Input X: D by N matrix consisting of N data items in D dimensions.
Output Y: d by N matrix consisting of d < D dimensional embedding
coordinates for the input points.
for i=1:N compute the distance from Xi to every other point Xj find the K smallest distances assign the corresponding points to be neighbours of Xi end
for i=1:N create matrix Z consisting of all neighbours of Xi [d] subtract Xi from every column of Z compute the local covariance C=Z'*Z [e] solve linear system C*w = 1 for w [f] set Wij=0 if j is not a neighbor of i set the remaining elements in the ith row of W equal to w/sum(w); end
create sparse matrix M = (I-W)'*(I-W) find bottom d+1 eigenvectors of M (corresponding to the d+1 smallest eigenvalues) set the qth ROW of Y to be the q+1 smallest eigenvector (discard the bottom eigenvector [1,1,1,1...] with eigenvalue zero)
[a] Notation
Xi and Yi denote the ith column of X and Y
(in other words the data and embedding coordinates of the ith point)
M' denotes the transpose of matrix M
* denotes matrix multiplication
(e.g.
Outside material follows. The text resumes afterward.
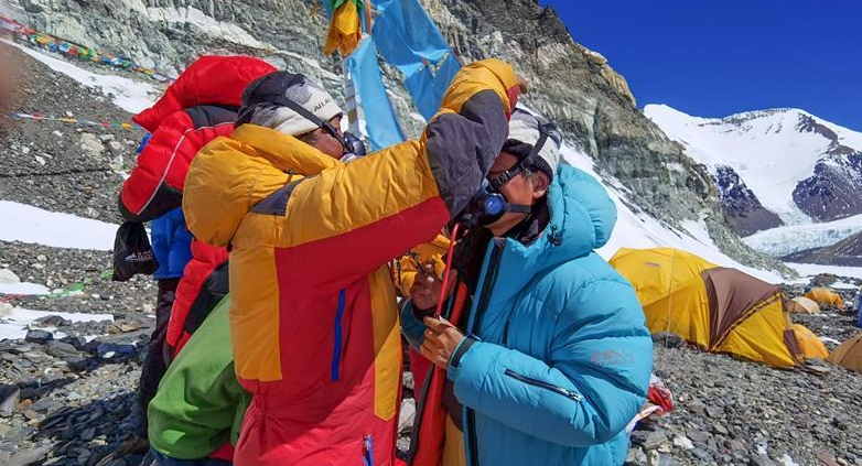 2020珠峰高程測量登山隊抵達海拔6500米的前進營地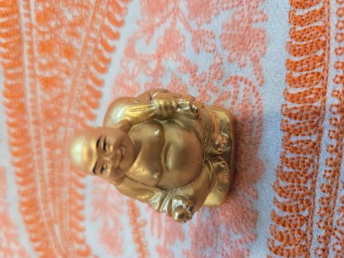 This item is a small, seated figurine representing the Laughing Buddha, also known as Budai or Hotei in East Asian folklore. The figure is depicted in a traditional joyful sitting pose with an exposed large belly, symbolizing abundance and prosperity. He is holding a cloth sack or prayer beads in his right hand, which is resting on his knee. The figurine is finished in a bright gold gilding or gold-toned paint, characteristic of decorative spiritual icons meant to bring good luck. Made of a cast material, likely resin or a heavy base metal, it features smooth contours and stylized facial features including squinted eyes and a wide grin. The surface shows minor wear and light surface abrasions, particularly on the rounded portions of the head and belly, suggesting it may have been handled for luck. There are no immediately visible maker's marks or signatures on the upper surface. The piece appears to be a contemporary or mid-20th-century mass-produced decorative object rather than an antique hand-sculpted piece, though it retains good definition in the casting of the robes and physical features. The overall height appears to be roughly 2 to 4 inches, making it suitable for a home altar or desk ornament.

M'*M is the matrix product of M left multiplied by its transpose)
I is the identity matrix
1 is a column vector of all ones
[b] This can be done in a variety of ways, for example above we compute
the K nearest neighbours using Euclidean distance.
Other methods such as epsilon-ball include all points within a
certain radius or more sophisticated domain specific and/or
adaptive local distance metrics.
[c] Even for simple neighbourhood rules like K-NN or epsilon-ball
using Euclidean distance, there are highly efficient techniques
for computing the neighbours of every point, such as KD trees.
[d] Z consists of all columns of X corresponding to
the neighbours of Xi but not Xi itself
[e] If K>D, the local covariance will not be full rank, and it should be
regularized by seting C=C+eps*I where I is the identity matrix and
eps is a small constant of order 1e-3*trace(C).
This ensures that the system to be solved in step 2 has a unique solution.
[f] 1 denotes a column vector of all ones